Я, по такому случаю, прикупил бутылку сухого вина. Посидели с ней, потолковали "о том, о сём", потягивая винишко. Она стала рассказывать о своей жизни - как у неё сложилось после того дня.
"Делай всё, что хочешь, только не возвращайся!".
Господи, ну когда же это перестанет меня терзать?
...Умер Наташин отец. Мать с горя запила, да и Наташа тоже - очутилась в таком кругу, словом, как Андрей и говорил. Ей было тяжело и больно; она чувствовала себя в этом мире одинокой, никому не нужной. Если бы в то время рядом с ней оказался мужчина, способный оказать действительно поддержку... И ведь этим мужчиной мог быть я! Но всё пошло иным путём.
"Тебя я и не воспринимала. Вообще больше видеть не хотела. Теперь успокоилась..."
Значит, у неё, можно сказать, никого нет! Я воспринял это, как свой шанс, который не стоит упускать.
Я стал часто бывать у неё. Заходил к ней почти каждый день. Приходил - всегда подтянутый, аккуратно одетый, побритый, надушенный. Мы много разговаривали, что называется, "по душам", особенно, когда выпьем; при этом я любил порассуждать на серьёзные темы...
"Выставлялся - ах, какой ты умный! Как ты всё знаешь-понимаешь! Кому твой трёп нужен, если ты уже делами доказал весь свой ум и всю свою логику?" - примерно так впоследствии прокомментировали мои "философские беседы".
Вместе с этим, я посильно помогал Наташе.
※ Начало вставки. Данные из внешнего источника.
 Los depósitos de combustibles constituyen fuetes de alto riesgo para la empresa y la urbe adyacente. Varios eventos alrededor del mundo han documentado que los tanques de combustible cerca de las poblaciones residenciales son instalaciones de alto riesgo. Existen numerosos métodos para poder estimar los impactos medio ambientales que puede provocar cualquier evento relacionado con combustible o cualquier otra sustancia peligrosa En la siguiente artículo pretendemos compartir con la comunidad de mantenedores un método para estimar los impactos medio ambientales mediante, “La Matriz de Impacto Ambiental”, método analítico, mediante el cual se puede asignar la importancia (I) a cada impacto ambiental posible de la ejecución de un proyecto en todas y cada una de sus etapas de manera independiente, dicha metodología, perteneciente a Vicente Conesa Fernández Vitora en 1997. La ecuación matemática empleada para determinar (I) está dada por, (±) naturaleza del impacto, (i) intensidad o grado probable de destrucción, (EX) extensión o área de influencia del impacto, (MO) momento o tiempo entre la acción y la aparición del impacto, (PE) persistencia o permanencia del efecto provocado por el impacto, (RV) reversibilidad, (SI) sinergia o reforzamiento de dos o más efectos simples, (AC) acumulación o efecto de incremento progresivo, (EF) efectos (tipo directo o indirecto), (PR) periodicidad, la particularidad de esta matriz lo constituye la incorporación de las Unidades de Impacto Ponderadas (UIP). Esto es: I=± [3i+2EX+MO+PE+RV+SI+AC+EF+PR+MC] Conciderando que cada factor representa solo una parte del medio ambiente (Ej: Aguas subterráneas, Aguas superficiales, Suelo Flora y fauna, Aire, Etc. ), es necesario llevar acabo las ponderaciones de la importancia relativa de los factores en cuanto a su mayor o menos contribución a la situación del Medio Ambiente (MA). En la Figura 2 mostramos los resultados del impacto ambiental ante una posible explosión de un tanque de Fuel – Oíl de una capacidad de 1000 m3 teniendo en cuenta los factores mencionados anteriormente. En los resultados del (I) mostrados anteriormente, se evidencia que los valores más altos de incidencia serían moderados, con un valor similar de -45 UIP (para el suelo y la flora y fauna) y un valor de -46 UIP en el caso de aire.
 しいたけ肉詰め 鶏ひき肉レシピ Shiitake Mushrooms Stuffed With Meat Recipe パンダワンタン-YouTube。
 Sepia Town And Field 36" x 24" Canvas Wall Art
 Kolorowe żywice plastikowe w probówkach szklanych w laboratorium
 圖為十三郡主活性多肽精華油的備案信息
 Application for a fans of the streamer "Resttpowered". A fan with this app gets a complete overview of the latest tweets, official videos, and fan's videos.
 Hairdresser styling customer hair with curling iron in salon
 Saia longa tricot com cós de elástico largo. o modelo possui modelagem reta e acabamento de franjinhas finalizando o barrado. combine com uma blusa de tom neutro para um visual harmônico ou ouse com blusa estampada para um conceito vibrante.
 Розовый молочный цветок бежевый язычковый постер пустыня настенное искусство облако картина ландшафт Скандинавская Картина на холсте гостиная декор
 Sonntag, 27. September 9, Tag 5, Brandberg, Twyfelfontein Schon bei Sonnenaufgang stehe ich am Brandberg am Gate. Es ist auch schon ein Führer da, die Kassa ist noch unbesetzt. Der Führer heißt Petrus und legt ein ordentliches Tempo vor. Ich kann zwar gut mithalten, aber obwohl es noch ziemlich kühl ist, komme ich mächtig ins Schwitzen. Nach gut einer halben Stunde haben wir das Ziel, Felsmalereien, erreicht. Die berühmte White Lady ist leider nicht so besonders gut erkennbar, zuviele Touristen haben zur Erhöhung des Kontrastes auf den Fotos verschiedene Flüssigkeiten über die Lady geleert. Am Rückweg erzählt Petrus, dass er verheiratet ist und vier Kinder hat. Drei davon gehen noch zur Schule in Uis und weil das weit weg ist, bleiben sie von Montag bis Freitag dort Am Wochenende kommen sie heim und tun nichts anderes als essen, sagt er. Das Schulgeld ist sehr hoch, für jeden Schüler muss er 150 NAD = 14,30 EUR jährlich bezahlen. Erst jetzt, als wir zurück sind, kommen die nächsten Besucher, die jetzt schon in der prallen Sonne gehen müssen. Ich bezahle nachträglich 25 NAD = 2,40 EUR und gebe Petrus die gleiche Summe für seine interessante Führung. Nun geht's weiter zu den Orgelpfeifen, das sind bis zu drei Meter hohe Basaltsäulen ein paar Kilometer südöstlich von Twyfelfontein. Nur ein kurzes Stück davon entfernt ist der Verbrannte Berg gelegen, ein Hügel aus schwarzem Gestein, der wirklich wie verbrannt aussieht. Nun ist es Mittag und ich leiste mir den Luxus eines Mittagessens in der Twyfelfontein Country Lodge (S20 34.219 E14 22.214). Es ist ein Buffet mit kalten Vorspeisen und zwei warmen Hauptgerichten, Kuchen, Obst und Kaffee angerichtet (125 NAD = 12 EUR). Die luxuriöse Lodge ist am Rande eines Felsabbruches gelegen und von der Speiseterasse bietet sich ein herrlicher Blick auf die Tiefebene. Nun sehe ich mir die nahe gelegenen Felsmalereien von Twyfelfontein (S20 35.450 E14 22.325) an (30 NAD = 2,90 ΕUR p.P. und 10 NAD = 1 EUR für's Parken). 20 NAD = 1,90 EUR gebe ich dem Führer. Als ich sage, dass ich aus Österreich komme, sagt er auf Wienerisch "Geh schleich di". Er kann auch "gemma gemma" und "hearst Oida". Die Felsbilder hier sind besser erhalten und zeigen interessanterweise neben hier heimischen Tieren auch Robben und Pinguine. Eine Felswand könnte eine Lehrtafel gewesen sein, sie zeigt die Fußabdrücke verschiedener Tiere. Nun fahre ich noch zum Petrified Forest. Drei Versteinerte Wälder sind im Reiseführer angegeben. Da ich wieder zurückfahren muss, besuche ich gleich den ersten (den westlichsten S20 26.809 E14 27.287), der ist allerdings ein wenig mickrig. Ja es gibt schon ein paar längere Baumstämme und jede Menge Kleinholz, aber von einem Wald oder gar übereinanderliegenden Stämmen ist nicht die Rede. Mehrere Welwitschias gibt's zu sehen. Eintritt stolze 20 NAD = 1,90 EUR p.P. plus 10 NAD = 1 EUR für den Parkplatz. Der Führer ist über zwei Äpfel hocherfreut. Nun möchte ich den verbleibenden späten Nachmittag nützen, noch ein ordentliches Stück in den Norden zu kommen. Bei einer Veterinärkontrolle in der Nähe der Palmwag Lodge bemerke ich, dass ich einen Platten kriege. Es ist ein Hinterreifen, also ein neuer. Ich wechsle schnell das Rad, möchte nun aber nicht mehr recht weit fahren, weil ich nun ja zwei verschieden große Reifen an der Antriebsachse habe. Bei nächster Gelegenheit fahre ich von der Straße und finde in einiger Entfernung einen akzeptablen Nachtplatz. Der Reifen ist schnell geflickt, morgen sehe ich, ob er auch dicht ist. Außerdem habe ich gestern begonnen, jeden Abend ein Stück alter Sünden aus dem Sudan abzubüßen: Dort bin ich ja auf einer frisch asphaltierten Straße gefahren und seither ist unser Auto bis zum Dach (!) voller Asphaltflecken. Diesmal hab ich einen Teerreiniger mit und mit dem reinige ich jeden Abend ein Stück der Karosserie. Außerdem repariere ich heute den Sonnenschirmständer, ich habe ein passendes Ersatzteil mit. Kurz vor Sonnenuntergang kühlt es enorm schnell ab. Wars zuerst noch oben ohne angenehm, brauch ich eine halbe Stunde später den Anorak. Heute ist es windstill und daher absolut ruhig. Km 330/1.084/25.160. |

Видя, что живёт она бедно, я частенько приносил ей - то одно, то другое. То гостинцев каких прикуплю, то денег малость подкину. То безделушку какую-нибудь подарю, вроде "плейера" или "видика".
Наверняка она догадывалась о моих истинных намерениях в отношении её. Но не подавала виду. Как не подавала виду, что ей просто смешно, что я просто так, за здорово живёшь, делаю ей дорогие подарки (хоть мне они доставались не так уж и дорого), оказываю всяческие услуги, и при этом всякий раз демонстрирую своё бескорыстие, свою обязательность и своё этакое всемогущество. Прямо палочка-выручалочка!
И, что ни говори, она мне частенько припоминала эти проклятые похождения с Мариной. Каждый раз начиналось с того, что вспоминалась безобидная история, где были "ты, я, она", а сводилось всё всегда к следующему:
"Да ты был в её руках послушной игрушкой; она с тобой играла, как хотела, а надоест - бросит!"
"Да ты был её собственной вещью - ей всё можно, тебе ничего нельзя; как ей в голову взбредёт - так всё и будет!"
"Она тебя поставила в ноль, да что ноль - ниже нуля. Этот Тампоша, эти малолетки - все считались людьми более достойными, чем ты".
И всегда, когда Наташа это говорила, в её голосе чувствовались нотки злорадства. Я же из кожи вон лез, чтобы доказать, что это не так. Но не учёл я одного - всё того же, о чём предупреждал меня Андрей. И неизвестно, как бы всё это сложилось, если бы не ещё одно стечение обстоятельств, которое опять сыграло со мной злую шутку.
Естественно, когда я стал бывать у Наташи, я сошёлся и с её знакомыми. Нет, не с теми, кто был полгода назад. От них она отошла, видя, что это - омут, это - колея, по которой можно катиться, пока не докатишься слишком уж далеко. У неё же хватило благоразумия вовремя остановиться. Теперь же её круг общения составляли в основном друзья с детства, жившие в её дворе и в соседнем.
Честно говоря, первые впечатления от этой компании у меня остались очень хорошие. Интересные, толковые ребята, с которыми всегда было, о чём поговорить. Поиграть на гитаре, пофилософствовать...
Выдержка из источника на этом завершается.